Saturday, August 30, 2014

長野県松本蟻ヶ崎高校演劇部 自主公演『Nippon, cha cha cha!』

@長野県松本蟻ヶ崎高校同窓会館

作:日下部英司
出演:長野県松本蟻ヶ崎高校演劇部

あの…まず…すみません、タイトル間違って認識してました。“cha! cha! cha!”かと思ったら、“cha cha cha!”だそうです。そんなに元気のあるタイトルじゃありませんでした(笑)。文化祭パンフレットがびっくりマーク3つだったので…。
文化祭公演のタイトルも修正しておきました。(文化祭公演の感想はこちら。)

地区大会前に拝見できるというので、お邪魔してきました。
場所は蟻ヶ崎の同窓会館。すごーい。同窓会館とか、歴史のある学校だからあるんでしょうね…。会場は2階でしたが、1階の机とか椅子とか素敵でした。あと草間彌生の作品が壁にかかってました。すごーい。
…といっても、思い返せば2011年にも『神々の国の首都』の通し稽古を拝見させていただいたときにお邪魔した場所でした…。

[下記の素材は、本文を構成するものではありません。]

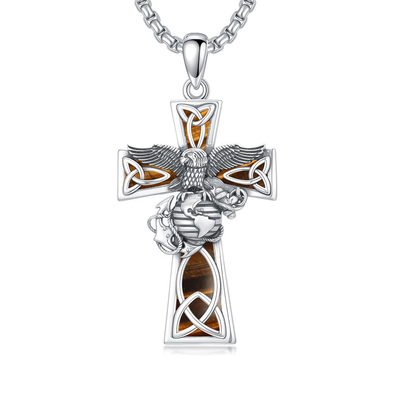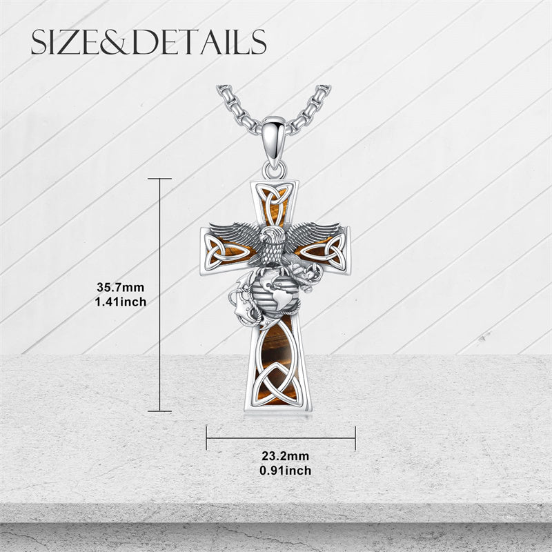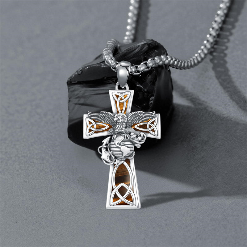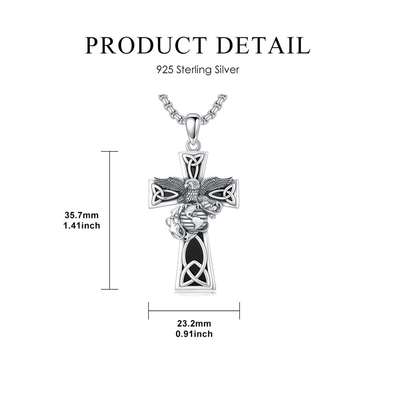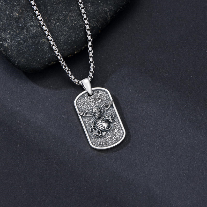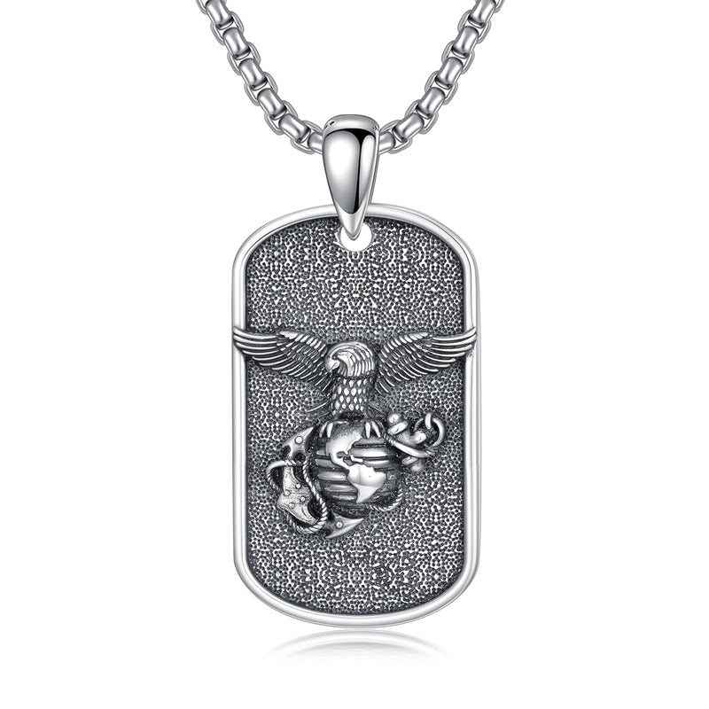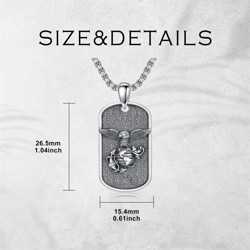The Marines Necklace is A wider, sturdier, thicker cross pendant with the Marines' symbol, an Oxidized electroplating process, it looks very textured and advanced, could be sent to men or a husband as a special gift.

一度観た作品を短期間で、キャストやスタッフがほぼ変わらず観るのは久しぶりです。
文化祭の時はできたてほやほや!(それでもだいたい出来てる。小鹿だけどもう立ってる感じ。)だったのが、今回は小鹿がてけてけ安心して歩けるようになってました。うまく言えなくてごめんなさい。

全体的に、洗練されてきた!という印象です。

前回一番気になっていたホンの部分、蟻ヶ崎の終わり方(まとめ方)ですが、一つの答えを見られたように思います。空港のホームルーム、なんだかぐっと来ました。
でも蟻ヶ崎→普天間南の切り替えは、心なしかだらっと見えてしまったような。体のキレなのかな?慣れの問題なのかな?
すごい(言い方悪いですが)平板な終わり方なのかなと一瞬思いましたが、最後の最後はいろいろ想像できてよかったです。今この文章を書いていて、2008年に観た長野県田川高校の『もやしの唄』のラストを思い出しました。(←目の前にいる・あるものと、聴こえる音の次元が違う感じが。)
照明と、それに合った音響がつくのが楽しみです。

そうそう。今回一番見入ってしまったのが、蟻ヶ崎の担任役の方!前回は別のキャストの方だったので新鮮でした。
艶っぽくて素敵ですね…♡
目で演技できるって、素敵ですね…♡♡
間の取り方とか、すごくよかったです。
前回の方が、雰囲気が日下部先生だとすると、今回の方はせりふは日下部先生だけど、きちんと自分の物にできていた感じでした。
茶目っ気のある先生で、生徒に好かれそう…。
でも口紅の色が、もう少し若い色でもいいのかも。私の好みですが。

あとあと、今回2度目を観て自分の中で発見だったのが、安達祐実役の方の普天間南版の方で、ワークショップをやってるシーン。
安達祐実としての被災の状況を聞いているので、ワークショップで苦しんでるのもなんとなく自然なんですけど、いやいやこれは違う人だ、と思って。そうするとこの子は、米兵さんにレイプとかされた経験があるのかしら…とかふと思ってしまいました。
そういう発見です。

今回気になったのは、最初の「普天間南高校の人ですよね」でぱんつが見えてしまったので、本番の下着の色は大事だなということと(笑)、音響でしょうか…。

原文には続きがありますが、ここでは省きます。